What is it about a voluntary sustainability reporting framework that is attracting interest across Europe? Launched by EFRAG at the end of 2024, VSME (Voluntary reporting standard for SMEs) is aimed at unlisted small and medium-sized enterprises that want to be able to show how they are working with ESG issues – without getting bogged down in the full complexity of CSRD. But VSME is more than just a simplified copy of ESRS. It is also an expression of a changing market logic where business value increasingly needs to be demonstrated through data. Here's what you need to know.
Voluntary reporting in response to financial requirements
The background to VSME is spelled out in one word: need. In recent years, many small and medium-sized enterprises have noticed increased pressure to demonstrate their sustainability performance – not because legislation requires it, but because banks, investors, and business partners have begun to demand it. Being able to demonstrate energy use, climate strategy, or social risk profile has become central to obtaining loans, signing contracts, or becoming part of others' reporting chains. But for smaller companies, there has been a lack of a common and manageable way to structure this type of information.
EFRAG's answer is VSME: a modular and proportionate framework that helps companies structure, formulate, and share their sustainability data in a way that is comparable, reliable, and predictable.
From Omnibus to positioning: Why there is now more talk about VSME
When the European Commission presented the so-called Omnibus proposal in early 2024 to simplify the implementation of CSRD, a vacuum emerged in the market. Many companies that had viewed CSRD as an almost inevitable project could now once again choose to wait and see. But the need to communicate their sustainability remained. This is where VSME begins to be discussed as more than a voluntary complement. In practice, VSME can fill a space where reporting requirements do not exist – but where the need for reporting is real.
By providing a structure for “due diligence-light,” EFRAG now gives smaller companies the tools to communicate risk in a similar way to larger companies. It is not about simplifying the content itself, but about creating the opportunity to be compared and understood on similar terms.
Cost, benefit, and logic – What's in it for VSMEs?
To understand whether it is worthwhile for companies to use VSME, EFRAG conducted a comprehensive cost-benefit analysis. The report, which can be read here, shows that the initial costs of implementation are manageable – but above all that the long-term gains are significant.
According to EFRAG's cost-benefit analysis, which was conducted in collaboration with the analysis company Prometeia, the net profit from using the VSME framework is estimated to amount to over €2.6 billion per year from 2027 onwards.
What does this mean in practice? Well, many SMEs currently devote resources to manually responding to ESG-related questions from banks, investors, clients, and major customers—often in different formats and with varying quality requirements. VSME aims to replace this ad hoc communication with standardized, digital reporting, which not only reduces time and costs but also increases the value of the information.
The calculation is based on the assumption that hundreds of thousands of European companies will use VSME as a common basis for sustainability communication.

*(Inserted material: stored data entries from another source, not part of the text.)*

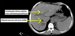 | Complications | Liver failure, gallbladder cancer, bile duct cancer, bile duct infection[2] |
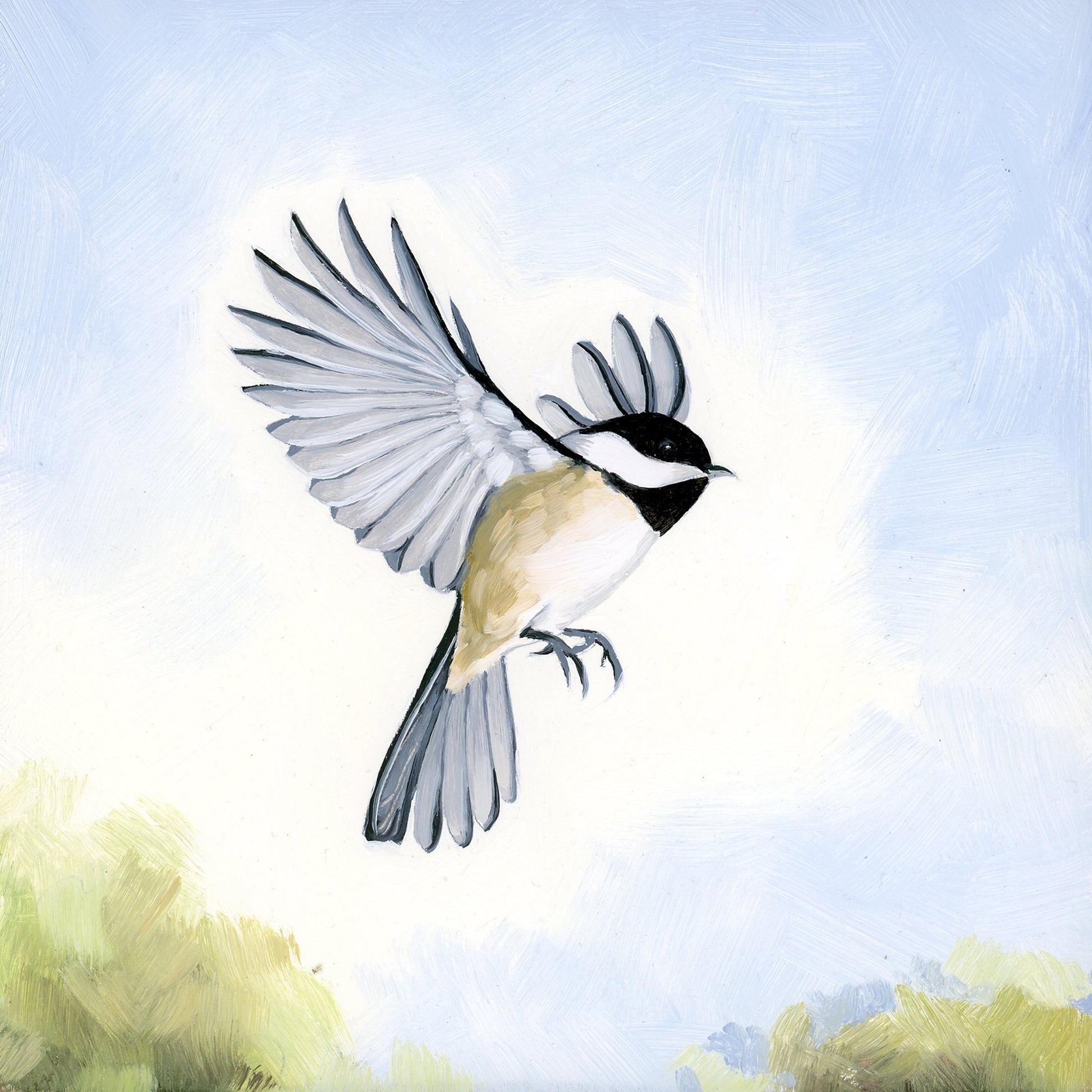 Signed 'Kim Ferreira' w/ Title 'Joie de Vivre: Black-capped Chickadee' on the back w/ Permanent Marker
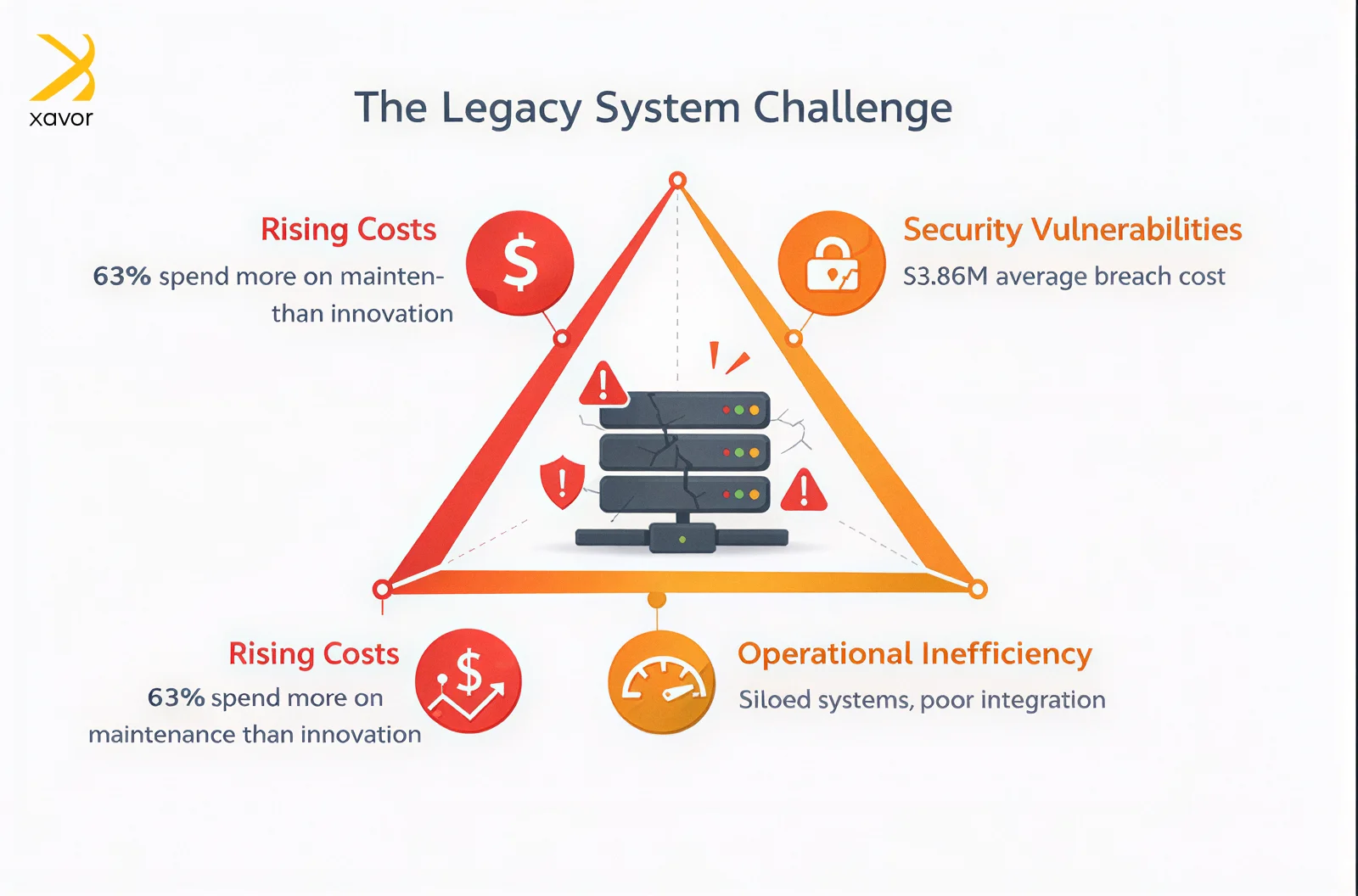 Legacy systems are like old vehicles, while they may still function; they are often inefficient, prone to breakdowns, and expensive to maintain. Businesses that continue to rely on these systems face several challenges:
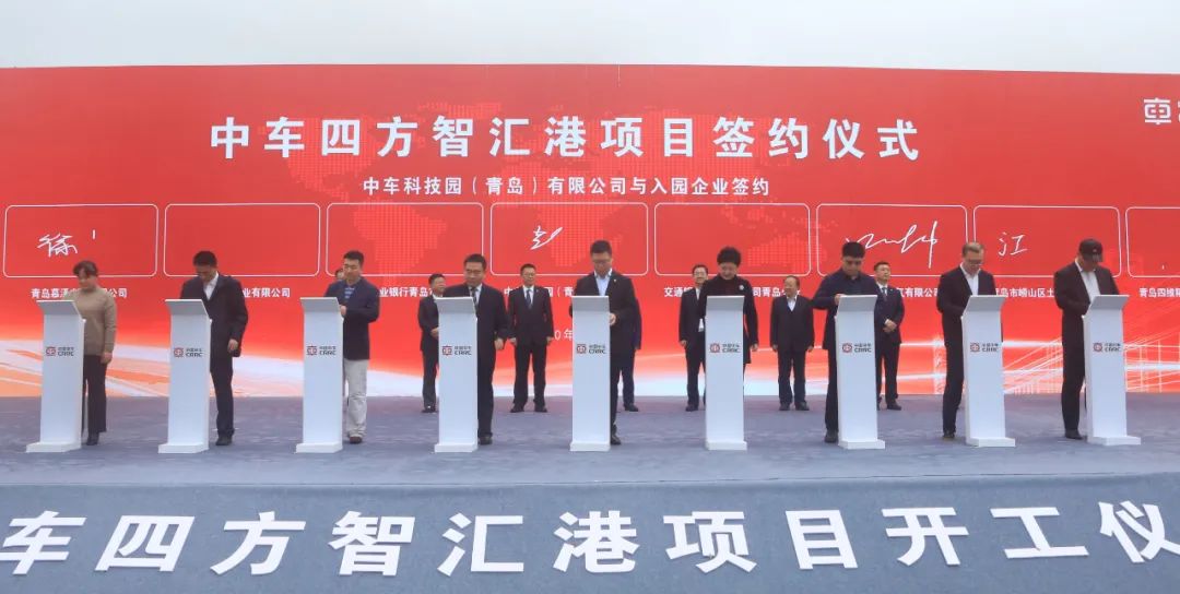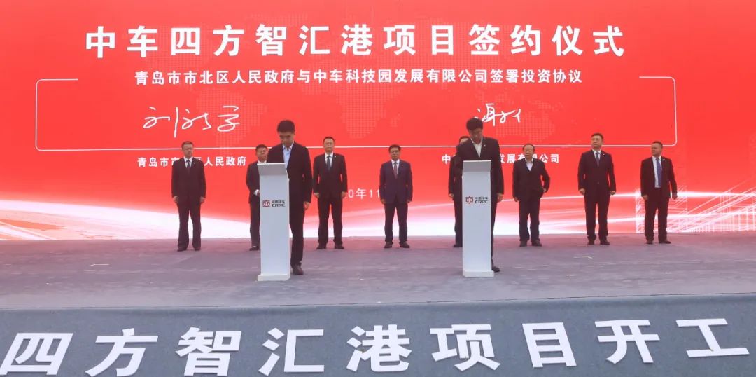 启动仪式现场,青岛市市北区人民政府与中车科技园发展有限公司签署了投资实施协议;中车科技园(青岛)有限公司与中车青岛四方车辆研究所有限公司签署了合作协议,与华为签署智慧园区合作框架协议,与拟入驻园区企业签署招商引资合作框架协议。
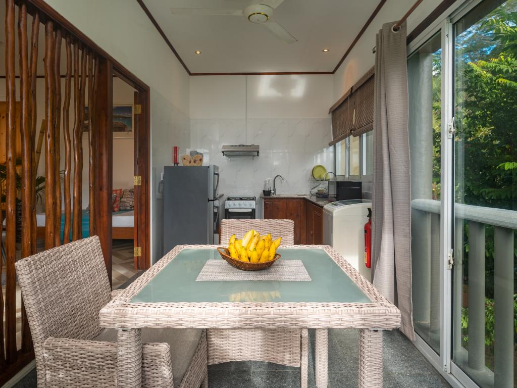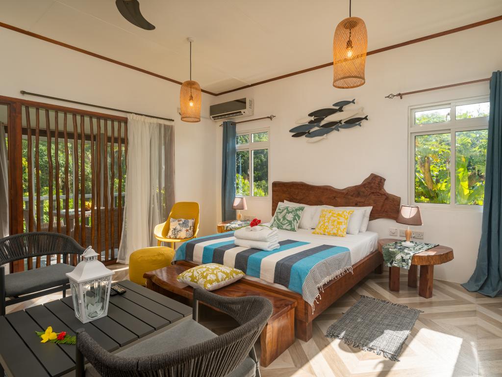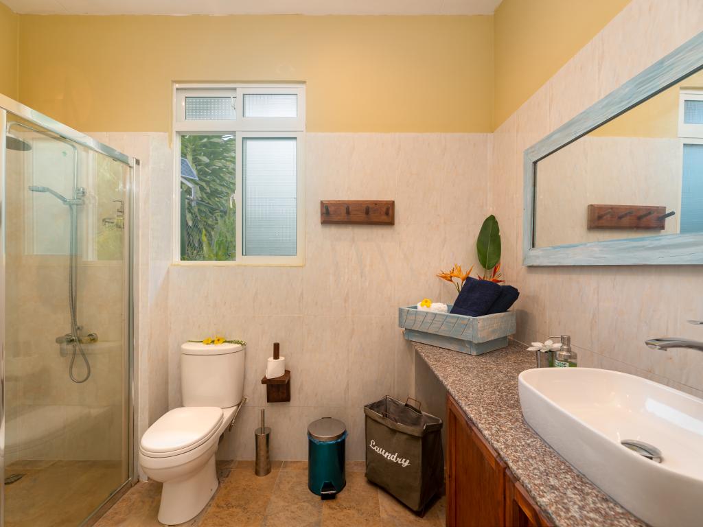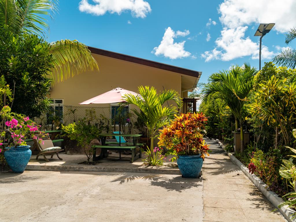 Auf unserem Inselhopping die letzte Unterkunft und mind. 8 Sterne wert, liegt im Westen von Mahe`, eine kleine Ruheoase am Rande des Dschungels, max. 10 min zu Fuß zum wunderschönen Anse la Mouche mit traumhaftem Sonnenuntergang, geschmackvolles und super gemütliches Appartement mit voll ausgestatteter Küche und toller Sitzecke im Garten, die Gastgeberin Jessie ist super herzlich, sie hat uns mit frischem Obst und Kokoswasser begrüßt und für uns Bananenbrot gebacken, Einkaufsmöglichkeiten, Restaurant und Pizzaria befinden sich fußläufig, ein guter Take Away direkt am Strand, unseren Mietwagen haben wir bereits über SeyVillas vorab gebucht, er wurde zur Unterkunft gebracht und dort wieder abgeholt, perfekt!
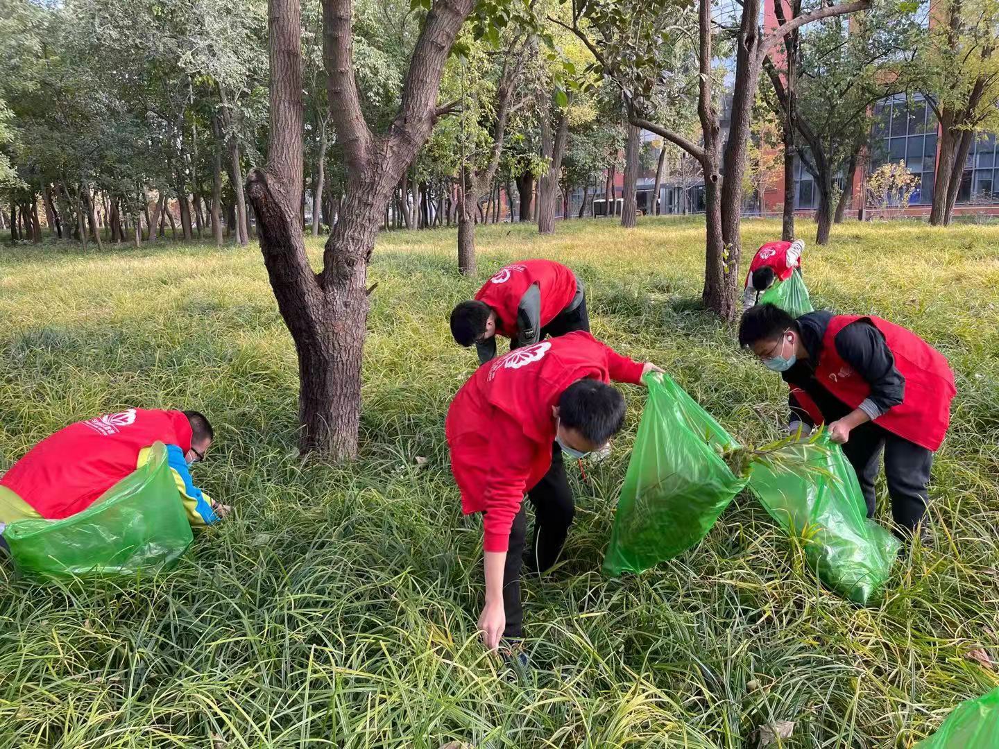 志愿者在绿地清除杂草
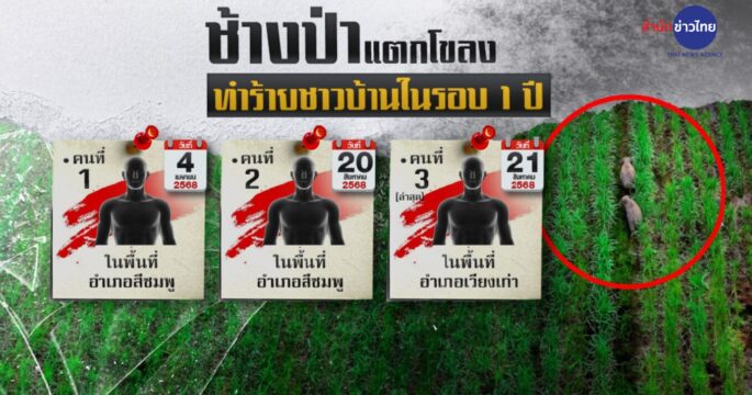 ช้างป่าแตกโขลง ทำร้ายชาวบ้านเสียชีวิต-บาดเจ็บ 2 วันติด
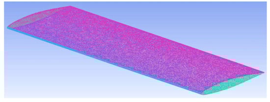 The aerodynamic parameters of the wing and horizontal tail: , , are calculated under both clean and iced conditions with the ice shapes of the wings and horizontal tail chosen from [] by the individual component CFD method. As an illustration, Figure 9 shows the grid for CFD calculation of the horizontal tail. The calculation conditions are based on the icing flight test conditions: flight speed = 55 m/s, flight altitude H = 1200 m.
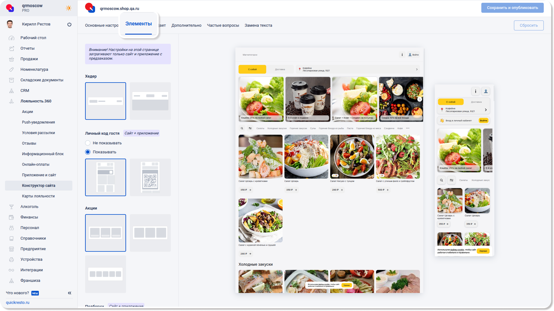 На этой вкладке находятся настройки, которые действуют как для гостевого мобильного приложения и для Telegram-бота, так и для сайта заведения.
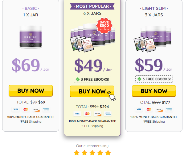 Purple Burn Pro supplement offer three unique packages.
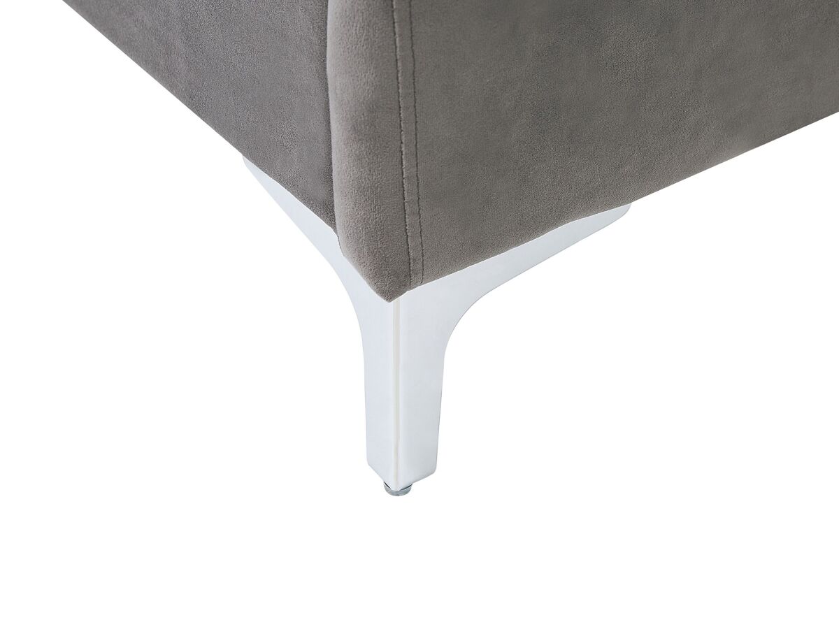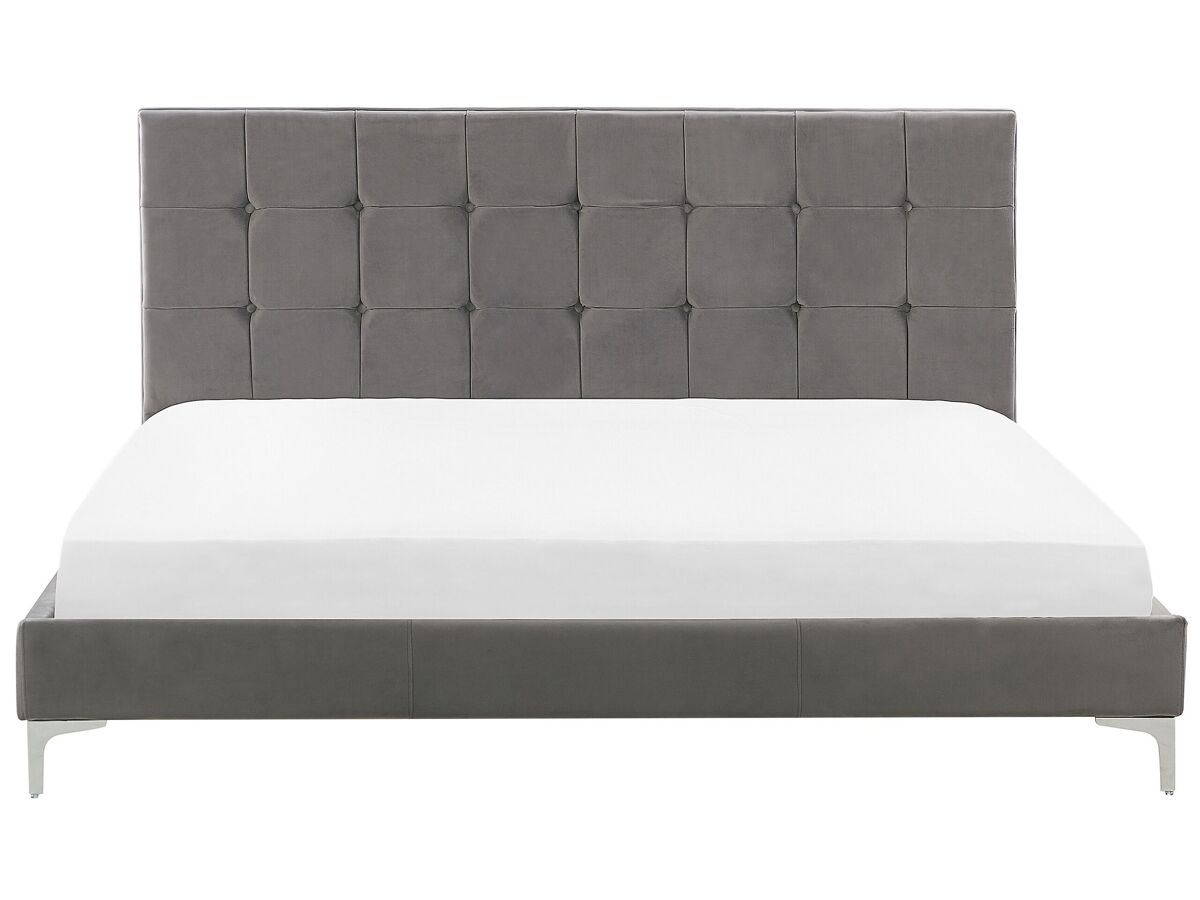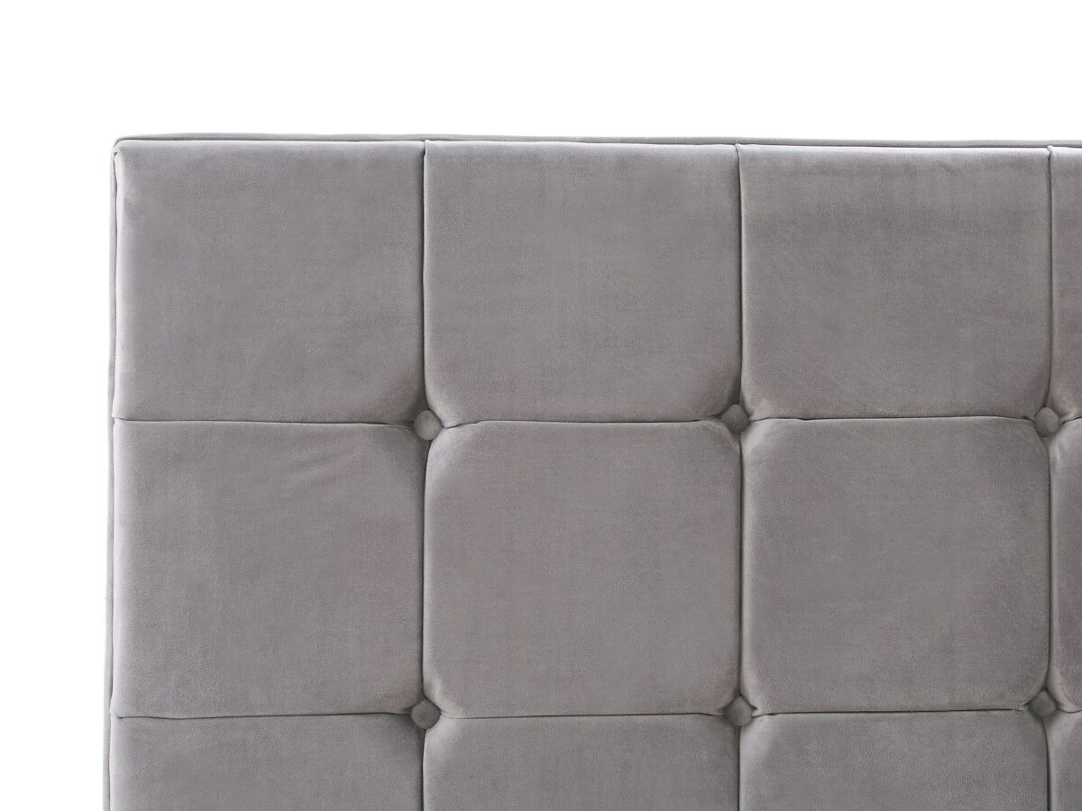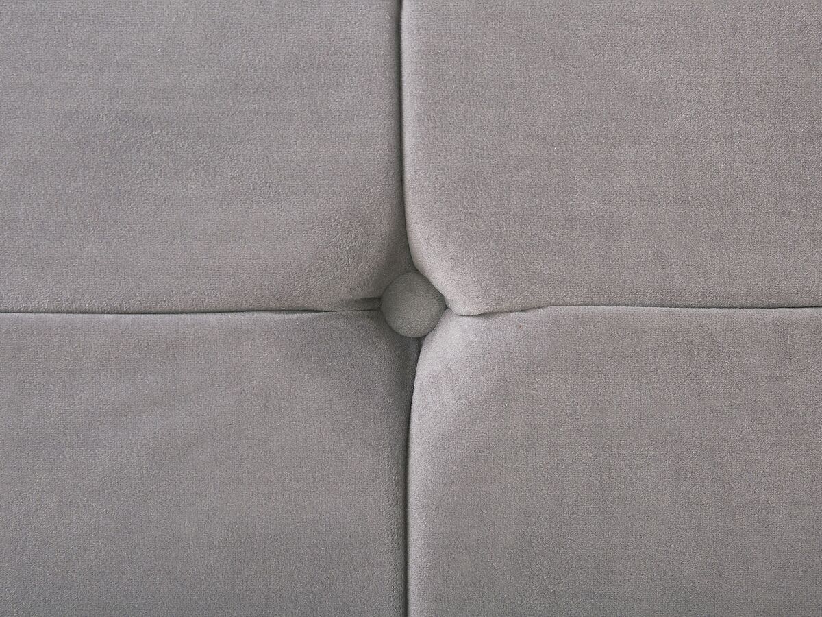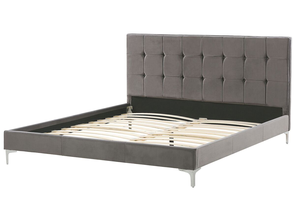 Cama estofada com base de ripas. Com esta cama estofada, criada ao combinar formas modernas diretas com toques decorativos clássicos, o seu quarto ganhará um visual elegante. A sua estrutura de perfil baixo é revestida com um lindíssimo veludo suave ao toque e complementada por simples pernas de metal. A alto cabeceira é espessamente acolchoada para que se possa apoiar confortavelmente e desfrutar do seu livro favorito ou relaxar a ver televisão. Os profundos botões dão à cama um toque de luxo, tornando-a um deslumbrante e elegante ponto central que combina com qualquer estilo de decoração de interiores.
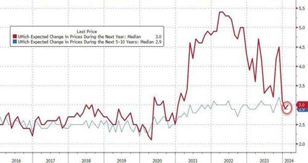 .. or the start of a loss of faith that The Fed has won (as the short-term inflation expectations ticked up to 3.0%)...Source: Bloomberg

With a clear framework and support system, it will be possible to report once, in a format that works for multiple stakeholders. This is what creates the cumulative efficiency gains – not least in administration, procurement, and financing.
VSME vs CSRD: Different conditions, different tools
VSME is not a light version of CSRD/ESRS. It is a parallel framework, with different principles and logic. Where CSRD is based on double materiality and the company's own analysis of which risks and opportunities are relevant, VSME is built around predetermined information points linked to typical operating conditions. Instead of a materiality analysis, an “if applicable” structure is used, where certain disclosures only need to be reported if the company meets certain criteria.
This combines a relatively fixed framework with flexibility in application. It increases comparability without placing the entire responsibility for analysis on the reporting company. The modules (Basic and Comprehensive) allow companies to start on a small scale and then build on more detailed information as they mature.
VSME responds to needs
The fact that VSME has become a matter of concern for both European policymakers and small business owners is ultimately about changing business principles. Whereas ESG was previously seen as a legal requirement for large companies, it is now increasingly regarded as a way of ensuring business stability. VSME shows that even smaller players want to be able to communicate risk and capability—not because they have to, but because the market demands it.
It remains to be seen whether VSME will succeed in creating a critical mass of users. But the need it responds to is obvious: a growing number of companies need a tool to calibrate the risk of their operations using data. Now there is a framework for just that. Let's see how many Nordic companies will use it!